Similarly, we used patient-reported low back pain to set responder status at the same three different responder thresholds: i) a 50% improvement, ii) a 30% improvement, and iii) 0% improvement. The pain intensity score used a mean score (0–10) from the self-reported LBP numerical rating scale (NRS) [15], which consists of three scales: Current LBP, Worst LBP in the previous 14 days, and Average LBP in the last 14 days.

We only performed each dichotomization at the final follow-up time point.

Experimental measures

Lumbar stiffness

Lumbar stiffness was measured using the custom-manufactured research tool VerteTrack (VT). The apparatus consists of a pair of rollers, loaded by a fixed weight, which moves along the lumbar spine with one wheel on either side of the midline (3 cm apart). The movement is controlled in two axes (superior/inferior and medial/lateral) by computer-controlled stepper motors. Thus, reliably tracking a specific and pre-determined path (skin markings) along the spine. Displacement in the third axis (anterior/posterior) is measured continuously during movement by a string potentiometer (TE Connectivity, USA). Therefore, the VT generates a series of vertical displacement data for a given fixed weight in relation to the longitudinal and transverse positions. In the current study, VT measurements were performed with increasing weights, from 0 to 6 kg in steps of 1 kg. The VT has a sampling rate of 30 Hz. The participants were in a prone position during the procedure, and each indentation took approximately 8 s. Participants were guided to exhale and hold their breath while the rolling of the wheels transpired.

The VT has primarily been validated as safe and reliable in healthy volunteers [16, 17]. No study has yet examined the validity when applied to a back pain population. However, this has been achieved in a prior version using single indentation instead of rolling indentation [18]. The bench-top performance indicates that the VT is accurate in-vivo both for rolling and single indentation [19]. Thus, suggesting that the use of the VT was feasible in this cohort.

We measured stiffness for each segment as a global stiffness (GS) score, which denotes the force-displacement curve’s average slope from the second load to the second heaviest load tolerated. Thus, GS was available i) for each segment (e.g., L5), and ii) each segment’s GS score was averaged as a single score indicating the GS score for the entire lumbar spine (L1 to L5).

Mechanical pain sensitivity

We assessed pressure pain threshold (PPT) using a pressure algometer (Somedic Model 2, Sweden).

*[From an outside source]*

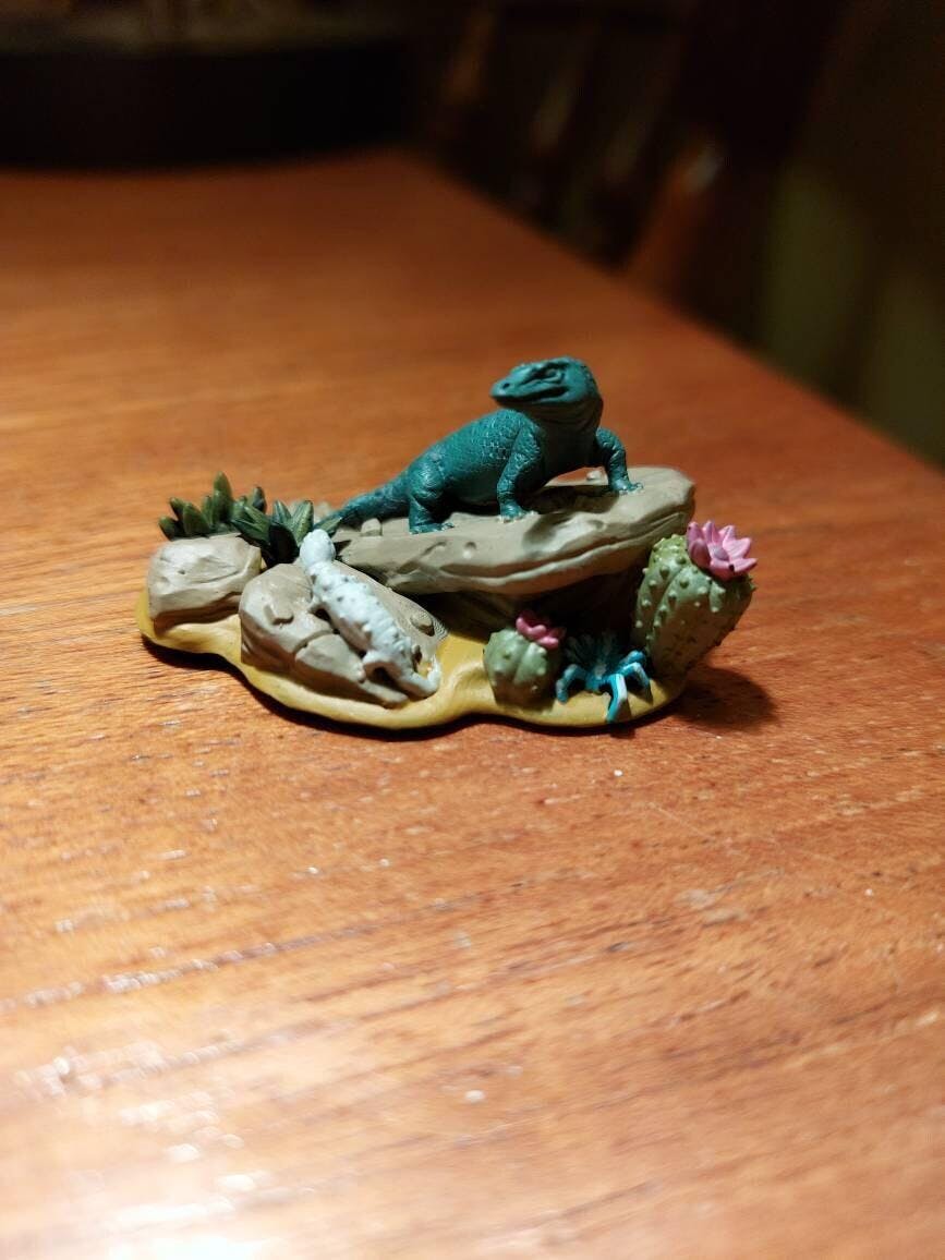 These terrain pieces are super versatile. They can place them on a bare table to set the scene, or use them with tiles or vinyl sheets.

Attached to the probe was a custom, 3D printed double-headed probe (2 × 1 cm2, 3 cm apart), which allowed for a bilateral pressure to be applied at either side of the midline corresponding to the point of indentation for the VT. The rate of increase in pressure was kept at a near-constant 50 kPa/s (indicator on the algometer). Each segment was measured three times in random order with 10-s rest intervals. The participant indicated when the pressure was perceived as painful by pressing an indicator button. We recorded this score as the PPT. If no pain had been elicited by 1000 kPa, this was recorded as the PPT. If the first and second measurements on a given segment were 1000 kPa, we did not perform a third. Pressure pain threshold has previously been shown to have excellent intra-rater reliability in a back pain population [20].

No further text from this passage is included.